**Your task:** Leave the pictures out. Retype exactly the lines below from the one containing "如图是肌肉的协作关系示意图,请根据图分析回答下列问题。(10分)" through the one containing "春季新款慵懒chic法式小众气质灯笼袖短款蝙蝠毛衣开衫...", and no others.

**Data shown:**
****************************************
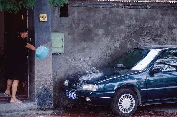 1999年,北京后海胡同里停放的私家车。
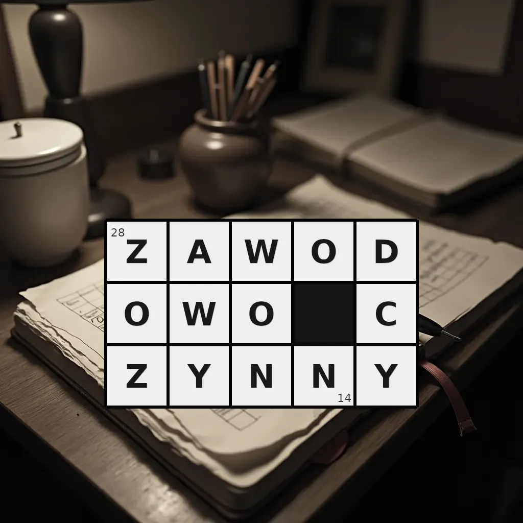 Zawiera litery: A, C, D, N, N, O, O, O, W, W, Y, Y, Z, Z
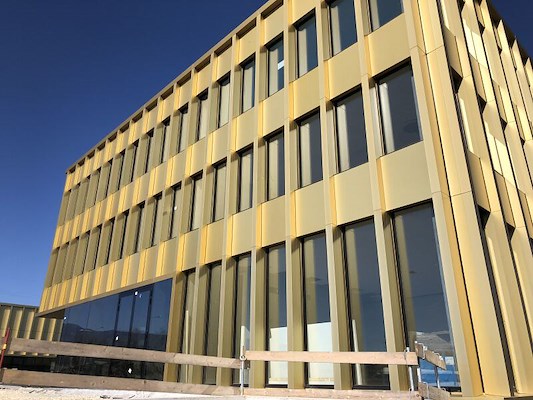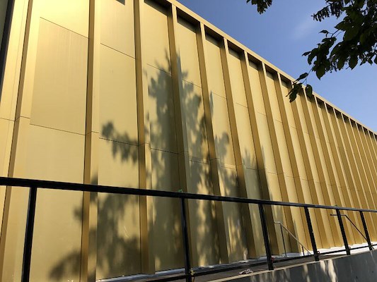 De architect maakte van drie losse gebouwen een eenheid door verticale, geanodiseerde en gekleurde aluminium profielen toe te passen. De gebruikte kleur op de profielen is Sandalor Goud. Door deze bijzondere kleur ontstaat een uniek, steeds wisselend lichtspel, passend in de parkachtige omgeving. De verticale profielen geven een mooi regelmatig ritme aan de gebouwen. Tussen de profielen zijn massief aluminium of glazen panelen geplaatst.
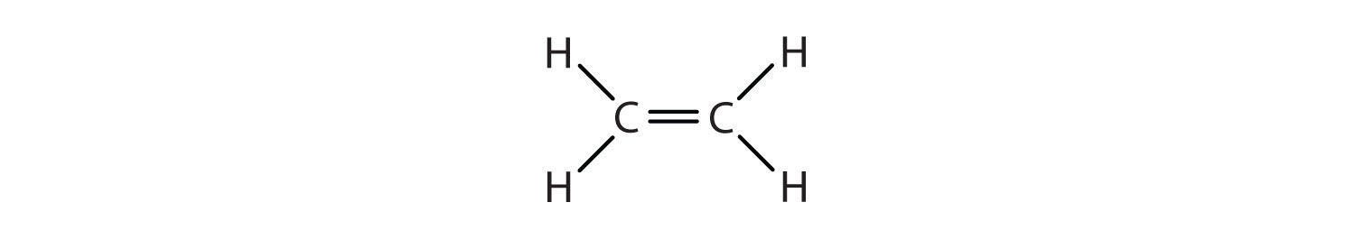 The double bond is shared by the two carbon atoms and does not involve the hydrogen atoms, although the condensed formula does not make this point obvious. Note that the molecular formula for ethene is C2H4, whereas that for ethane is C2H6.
****************************************
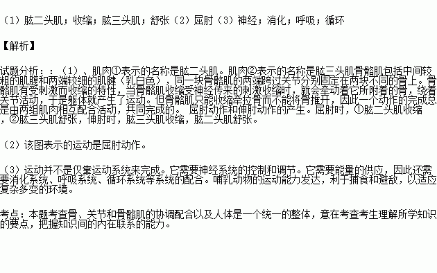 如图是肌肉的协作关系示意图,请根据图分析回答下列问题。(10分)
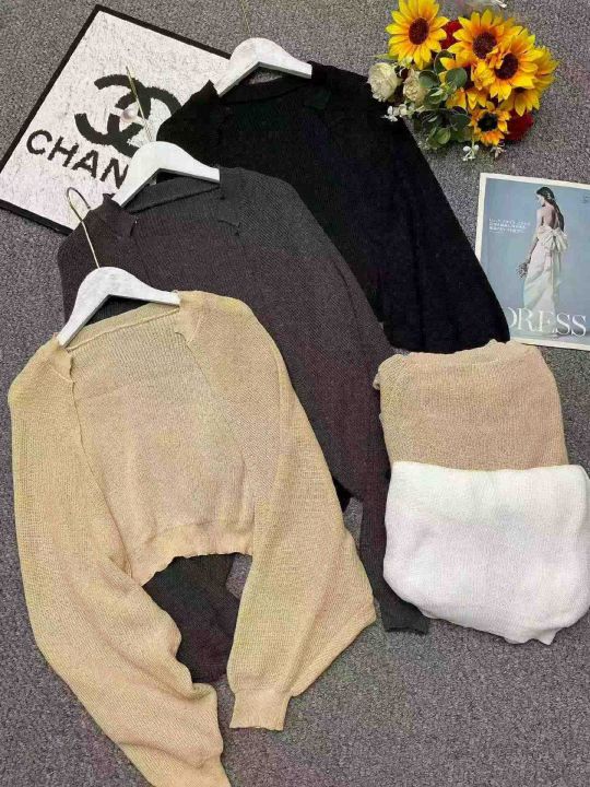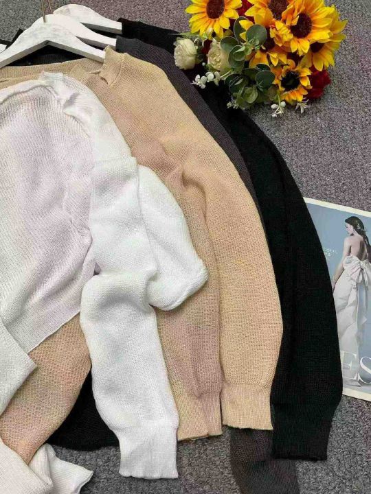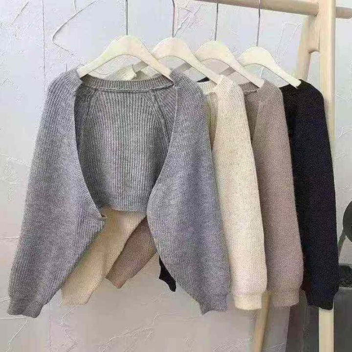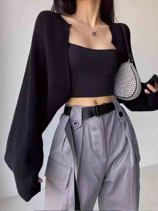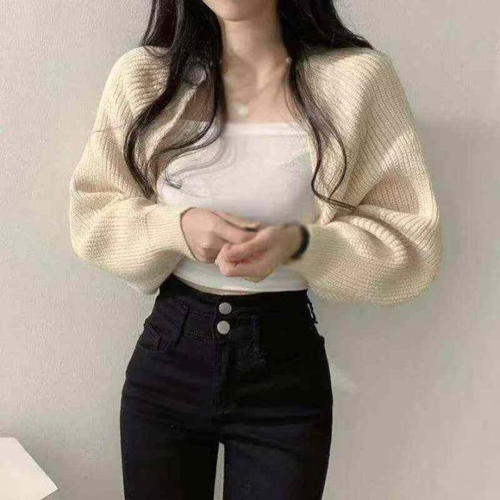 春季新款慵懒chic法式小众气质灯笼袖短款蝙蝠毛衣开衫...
****************************************
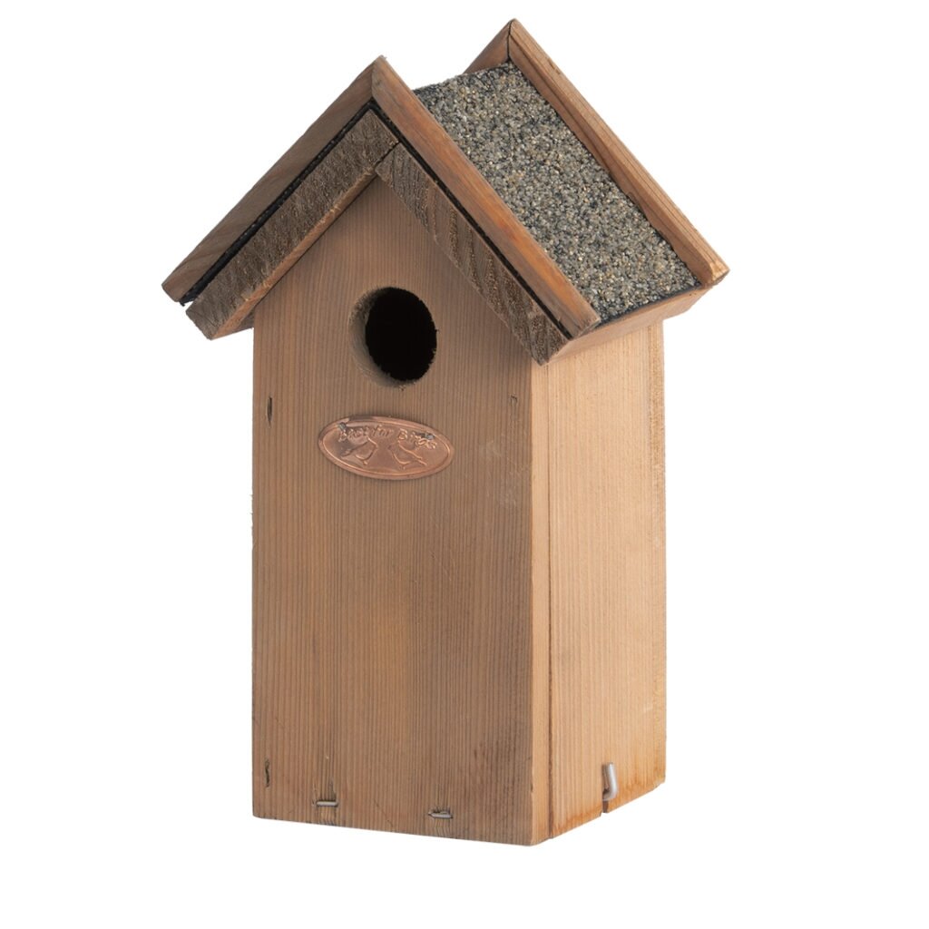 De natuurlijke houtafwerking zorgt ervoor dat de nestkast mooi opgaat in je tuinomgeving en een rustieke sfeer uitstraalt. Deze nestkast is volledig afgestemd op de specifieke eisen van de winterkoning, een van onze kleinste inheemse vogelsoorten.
****************************************
**Answer to this task:**
 如图是肌肉的协作关系示意图,请根据图分析回答下列问题。(10分)
 春季新款慵懒chic法式小众气质灯笼袖短款蝙蝠毛衣开衫...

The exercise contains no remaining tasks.